The other day she manage to get out of the dog run portion and into the side garden.  I saw her right away, I keep a close watch on her.  She jumped against the gate, until the latch loosened and it opened, but it closed behind her so she was trapped.  . Anyway, she readily came out when called.  I now have a clip on that gate as well to prevent this issue.

Got her two new larger water dishes.  She drinks a lot.  She now lets us pet her a bit and seems to enjoy it more.


----------



## Aneeda72 (May 20, 2021)

Bella has not bitten in a while.  The other day she grabbed my hand, little pressure, I said no, and she released.  Still not trusting her if she is excited, but I think she is learning not to bite, finally.  She goes to get groomed today and then spayed next week.


----------



## Sliverfox (May 27, 2021)

Wondering  how Bella is  doing.


----------



## Youngatheart (May 27, 2021)

Aneeda72 said:


> It is getting closer to the time that our new puppy comes home.  I’ve spent a small fortune on all the things I needed to buy-good thing the stimulus came.  Every time I think I have everything I could possibly need, I find something else I need.  . You would think we are getting a human baby instead of a puppy.
> 
> We originally were going to name the puppy Bella, but we have changed it to Rose.  Bella seemed to be a big dog name and Rose seems better suited for a small strong girl.  Rose is blonde and white with red freckles on her white fur and a bit of black on her butt.  Those freckles betray her heeler mother heritage.  Otherwise she looks like a purebred corgi.
> 
> ...


How about Rosa Bella?


----------



## MickaC (May 27, 2021)

Aneeda......i know you've been busy with your daughter and grandkids.
When you have time......an update on the life of BELLA would be great.
Take care.


----------



## Aneeda72 (May 27, 2021)

Bella ate her first collar of shame, the nice expensive cloth calming collar. Had to buy the uncomfortable plastic one and I may make her wear it for a month .  I shortened her dog run to just a small space and she is unhappy as she can’t poop where she likes to poop.  Took her forever to finally produce a pile.  

The air gun broke after very little use and is not returnable.  I am so sad.


----------



## Aneeda72 (May 27, 2021)

@MickaC ok, update for you , and everyone.

Bella reminds me of my son with DS, stubborn as a mule.  I doubt she will be a service dog unless she has a miraculous change in attitude and I don’t see that happening.  Her mind is made up, she is the boss.

We are still working on sit on command and wait at the gate to the laundry room.  The pay off is she gets to go outside faster.  Sometimes she will and sometimes she won’t.  I have given up on place training for now and am not potty training.  She seems to be a one thing at a time dog, and only if she wants to do that one thing.

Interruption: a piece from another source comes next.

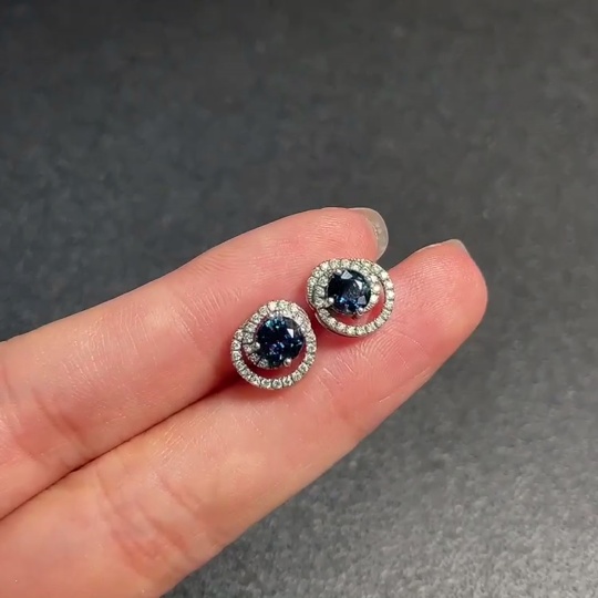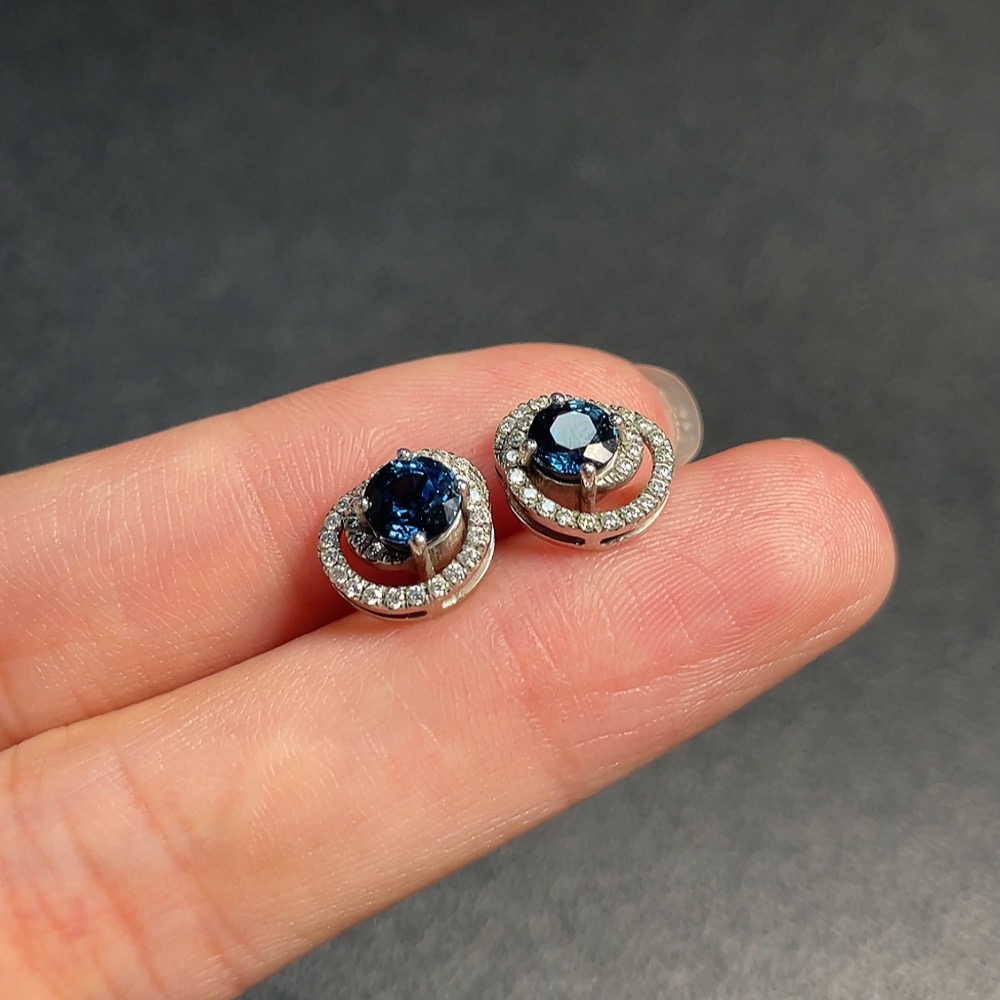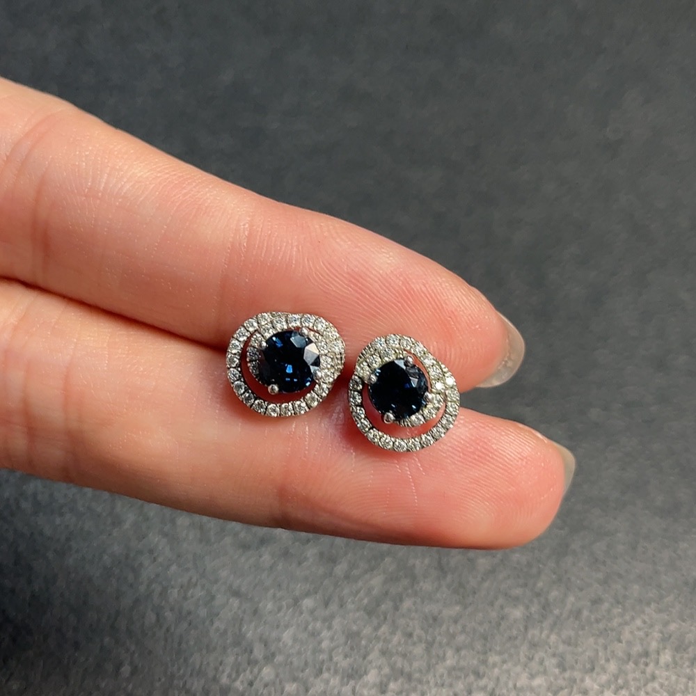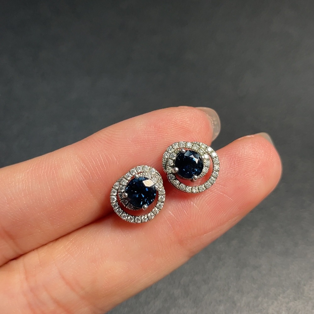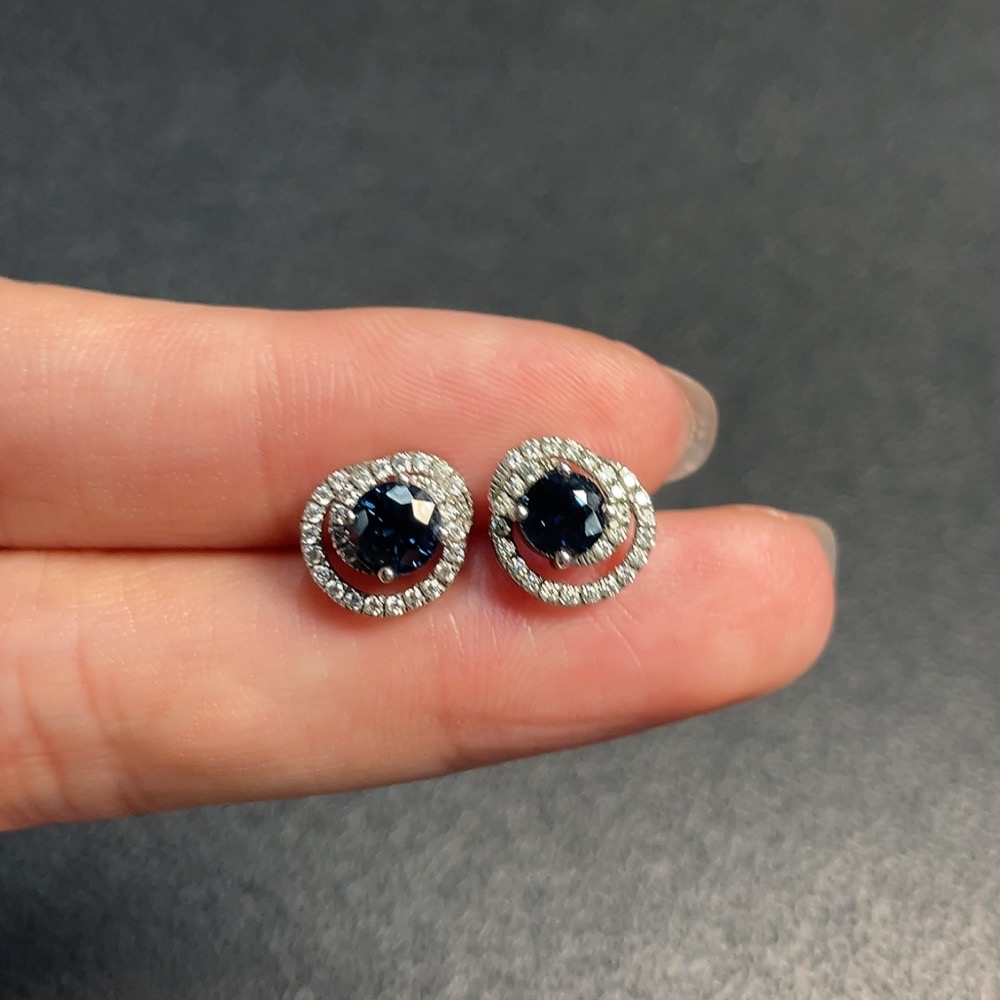 Sapphire Earrings, 37% Gold Content, Total Non-Diamond Weight Approx. 2.07g, Stone Size Around 4.3mm

Once outside she is more willing to jump into her dog run.  Food bowl aggression is gone and her frantic eating is gone as well.  I still can’t take anything out of her mouth, but her drop it is getting better.  I am goi g to have to order a new air gun as mine leaks oxygen.  Going to look for a different company.

She is considered to be very hyper by the professionals and unfocused.  I disagree.  She is very focused ON WHAT SHE WANTS TO DO.  Still, eventually, she will be a good pet dog.  Hopefully I will live long enough to see it.  

The vet wanted to put her on sedatives for these two weeks of healing, I refused.  I did get the anti inflammatory for her, in case she needed it.  She does not.  She is a tough girl, like me .  She had a few mishaps with husband  when she came home but seems ok.

All her baby teeth were gone before she was fixed.  She still takes my hand, or finger, in her mouth but due to the “dull” adult teeth, and a greater willingness to release, and my working with her, no bites.


----------



## Aneeda72 (May 27, 2021)

@MickaC, part 2, she refuses to go into her crate since surgery.  I have to unleash her, grab her by the scuff of her neck, and the scuff of her back, and force her butt into the crate.  But, with the collar, too bad Bella, you can not bite.  It takes at least three tries.

She has no trouble with the plastic collar, has not chewed on it and can eat and drink fine.  When a bird landed on her bowl for a drink, she almost caught him so she is as sharp as ever; and still refuses to share .


----------



## MickaC (May 27, 2021)

Thanks Aneeda.
I remember well, as if it was only yesterday with that plastic collar.
For 2 weeks it was a unhappy household when Micki had to wear it.
The moral of this is......when Micki's not happy.......nobody is happy.
Bella is a very pretty young lady.
Be nice to Mom, Bella.


----------



## Aneeda72 (May 31, 2021)

Bella is feeling much better and back to her usual pain in my bum behaviors.  She started zooming around the small dog run space I gave her and after several warning to stop, she wouldn’t, I had to crate her.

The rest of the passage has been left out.